Что это, свидание? Отчего ж нет. Они договорились об этом в ее последний приезд. Он хотел показать ей водопад, весеннее полноводье, белую простынь, что развевается на ветру. Но вот они здесь, и это всего лишь тоненькая полоска, лента. Он смотрит на призрак водопада, и ему тошно.
Это прекрасно, говорит Эллис.
Ничего прекрасного, обрывает ее Крох. Она хмурится в ответ. Крох смущен: Извини. Просто это жалкое зрелище по сравнению с прежним. Когда мы были детьми, он гремел. Его слышно было за милю. И, посмеиваясь над своей вспышкой разочарования: Похоже, в эти дни в нашем доме все эмоционально неадекватны.
Эллис сжимает ему руку: Ну еще бы. Грете четырнадцать. На тебе вся тяжесть болезни матери. А бульбарный паралич Ханны побуждает ее к острым реакциям.
Вот как, говорит Крох. А я-то надеялся, что моя мать стала счастливей.
Эллис усаживается и достает сэндвичи, которые принесла с собой. Курица или яйцо, говорит она.
Мне так жаль! Крох в смятении. Я всю свою жизнь веган.

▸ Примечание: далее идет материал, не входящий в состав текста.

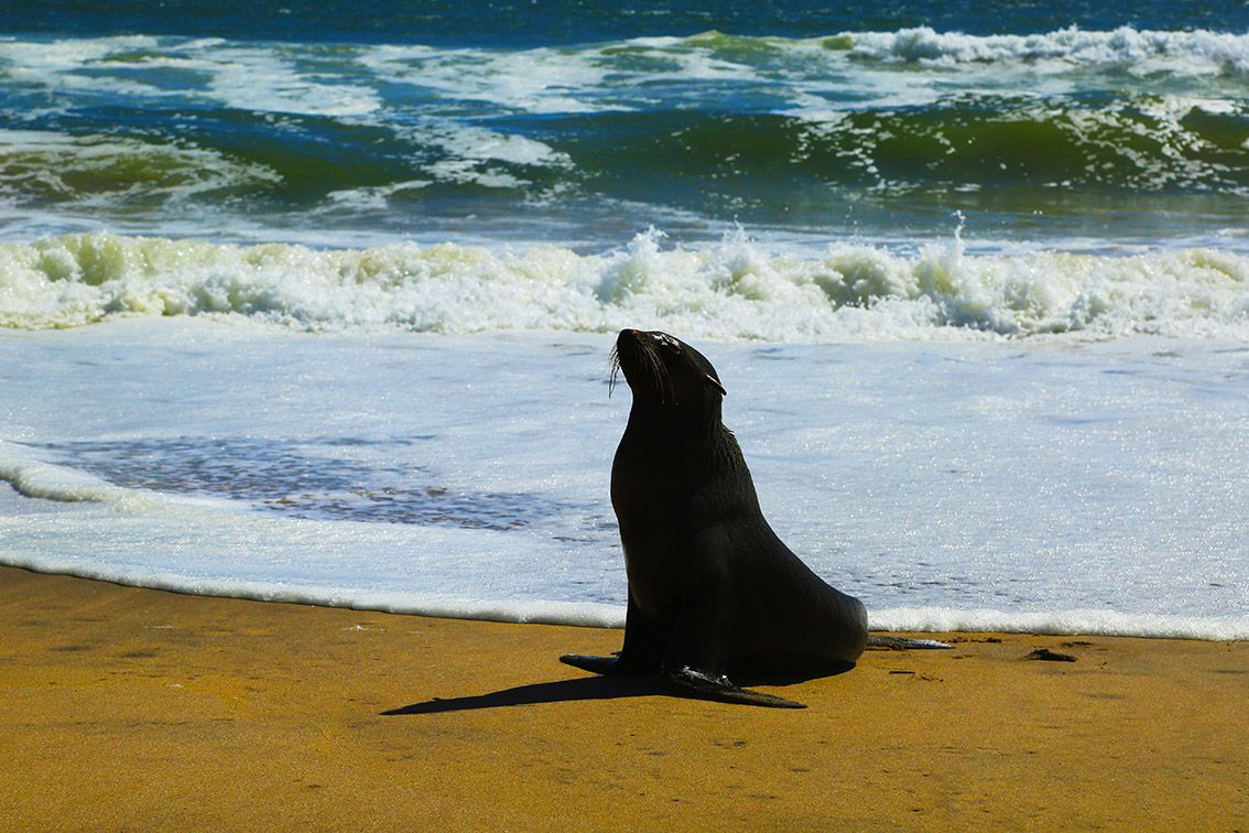 在南部非洲国家纳米比亚知名的“三明治湾”,大西洋海滩上休憩的海豹。(图片来源:中新社)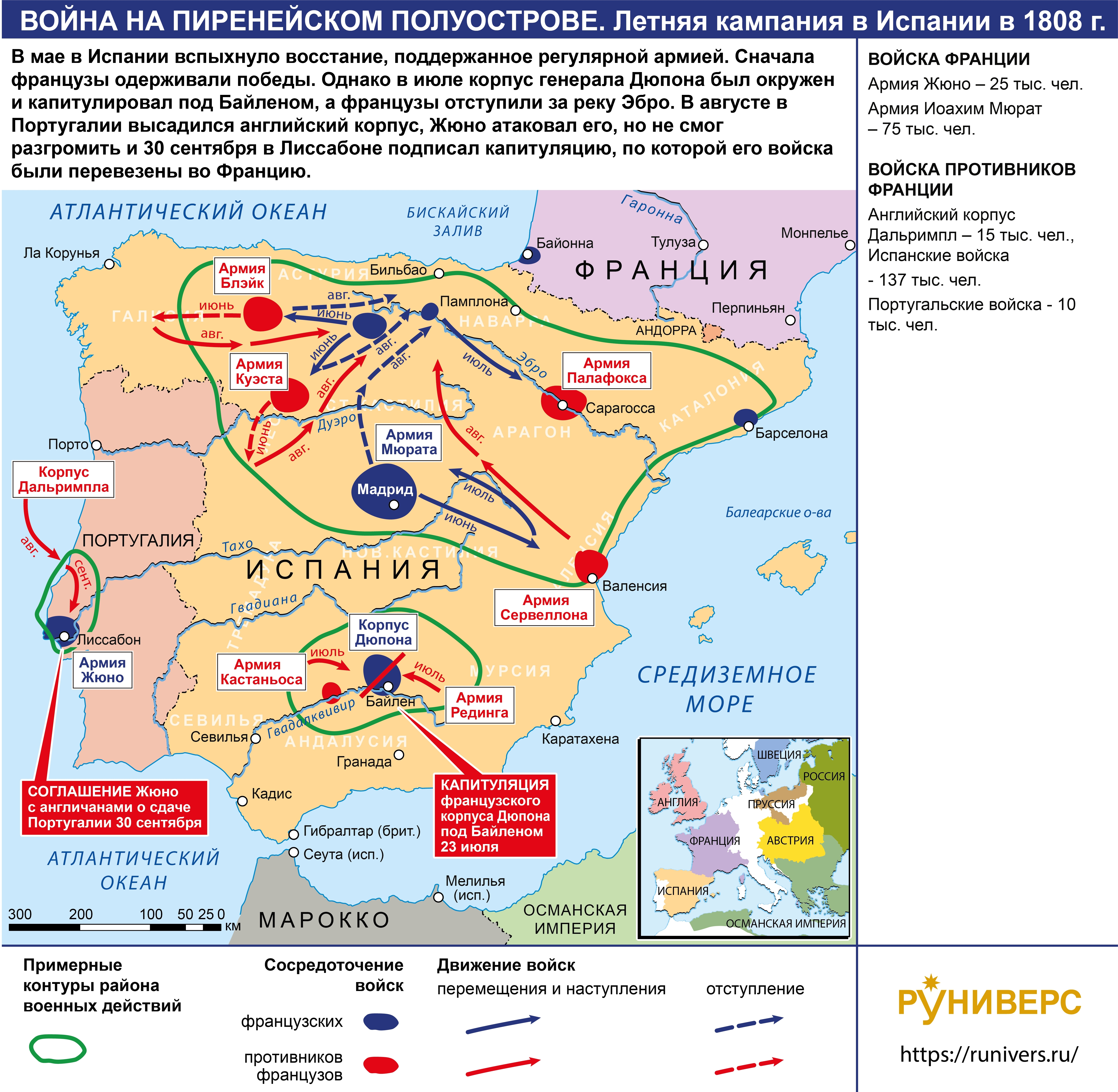Наполеоновские войны. Война на Пиренейском полуострове. Летняя кампания в Испании в 1808 г.
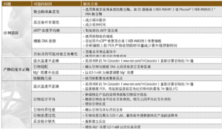 下面的指南可用于解決 PCR 反應(yīng)中出現(xiàn)的問題。關(guān)于優(yōu)化反應(yīng)的更多建議可訪問 NEB 網(wǎng)站的技術(shù)參考部分。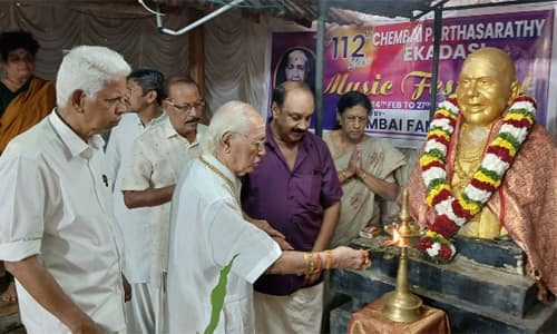 நேற்று மாலை இசைக் கலைஞர் டி.வி.கோபாலகிருஷ்ணன், செம்பை வைத்தியநாத பாகவதரின் உருவச்சிலை முன், குத்துவிளக்கேற்றி சங்கீத உற்ஸவத்தை துவக்கி வைத்தார். விழாக்குழு தலைவர் செம்பை சுரேஷ், ஒருங்கிணைப்பாளர் கீழத்தூர் முருகன் கலந்து கொண்டனர்.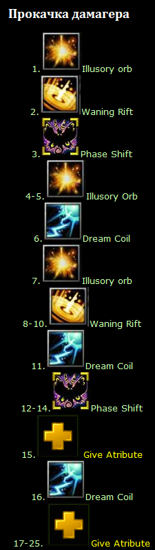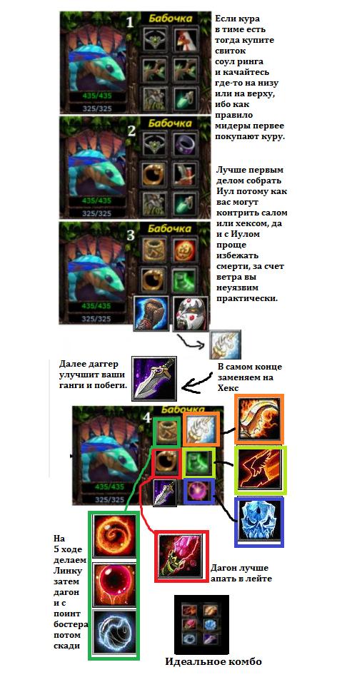 Теперь рассмотрим разновидности идеального комба, когда вам к примеру нужен дд-лейтер, или танк-саппорт, или анти-маг в конце концов, вы должны понять что у каждого героя есть масса комбинаций прокачки, и как и любой герой - Пак должен выступить на ту роль которая нужна вашей тиме, представьте если бы вы играли одними Паками - то понятно что эффективно будет распределить между Паками роли, дабы каждый герой выполнял нужную тиме функцию, кто-то маг-нюкер, кто сапп, танк, дамагер или анти-маг, естественно выбор зависит и от расклада противника, но главнее вам задать свою идеальную тактику за при которой ваша команда будет рулить, ибо хороший противник тоже не дурак и будет обустраивать роли команды как лучше команде играя против вас, ну и естественно побеждает то комбо которое сильнее себя покажет в игре... Ну ладно, пропустим длинный пролог, в будущем я это все детально распишу в своей программе гайд менеджер, там будет сборник всех моих гайдов, специально для игры по честным модам с нормальными правилами - к примеру без атаки в своих крипов/героев, ну правду играть с правилом без добивания своих - можно только с адекватными дотерами что усвоили знания о всем балансе дота, те которые как минимум играли на честных модах, для нас я и пишу эти гайды, так вот...

Эллис звучно хохочет. Хохот отскакивает от скалы. Я имела в виду, говорит она, кто бы знал, что первей. Ханна и в самом деле, вполне может быть, просто счастлива. Рядом с ней те двое, кого она любит; она принимает мощные антидепрессанты. Сейчас весна, и ты заботишься о том, чтобы она каждый день часами посиживала на солнце. А кроме того, кто знает, может, этот безумный смех сам по себе делает ее счастливей, возбуждая какие-то нейронные тропки в ее мозгу. В любом случае, относись к этому как к подарку.
Подарок, говорит, тоже садясь, Крох. Подарком был бы обед. С чем сэндвичи?
Арахисовое масло и желе, говорит она. Я не умею готовить.
Мое любимое, говорит он и разрезает яблоко на двоих.
Эллис вытягивает босые ноги так, чтобы ступни легли в лужицу. Улыбается ему, продолжая жевать. Послушай, говорит она. Наверно, ты совсем не это хочешь услышать. Но знай, что будет хуже, прежде чем станет лучше.
Это ты про свою стряпню? – говорит Крох.
Эллис не улыбается. Ее глаза на солнце становятся темно-синими, как сумерки. Она приникает к нему боком, и он чувствует, что она ждет, придвинется он или отстранится.
Я знаю, так оно и будет, придвинувшись, говорит он.
* * *
В кухонном окне возникает дама в офигительно фиолетовой маске. Ханна, которая в тот момент как раз находится в кухне, бормочет “Черт” и укатывает в свою комнату. Дама подходит к багажнику своей машины и пытается вытащить оттуда что-то громоздкое. Когда Крох входит в солнечную пыль, чтобы помочь, она издает визг. О, спасибо, кричит она. Я без вас не справлюсь!
Это одна из Библиотечных дам, у таких по всему миру не волосы, а голубая зефирина. Крох уносит коробку в дом, дама наполняет водой стакан и выпивает его залпом. В розовом круге, раньше покрытом маской, на влажные щеки налипла пыль; в морщинках, веером расходящихся от губ, скопилась грязца. Побуду пока без маски, заявляет она. Вы ведь здесь отшельники, у вас ТОРСа нет. А где ваша мама?
Вздремнуть прилегла, говорит он.
Мы пустили шапку по кругу, говорит дама, промакивая себя салфеткой. По всему городу. Вы же знаете, вашу маму у нас любят. В общем, мы приобрели ей компьютер.
В самом деле, растерянно говорит он и осторожно так добавляет: Но у нее уже есть компьютер.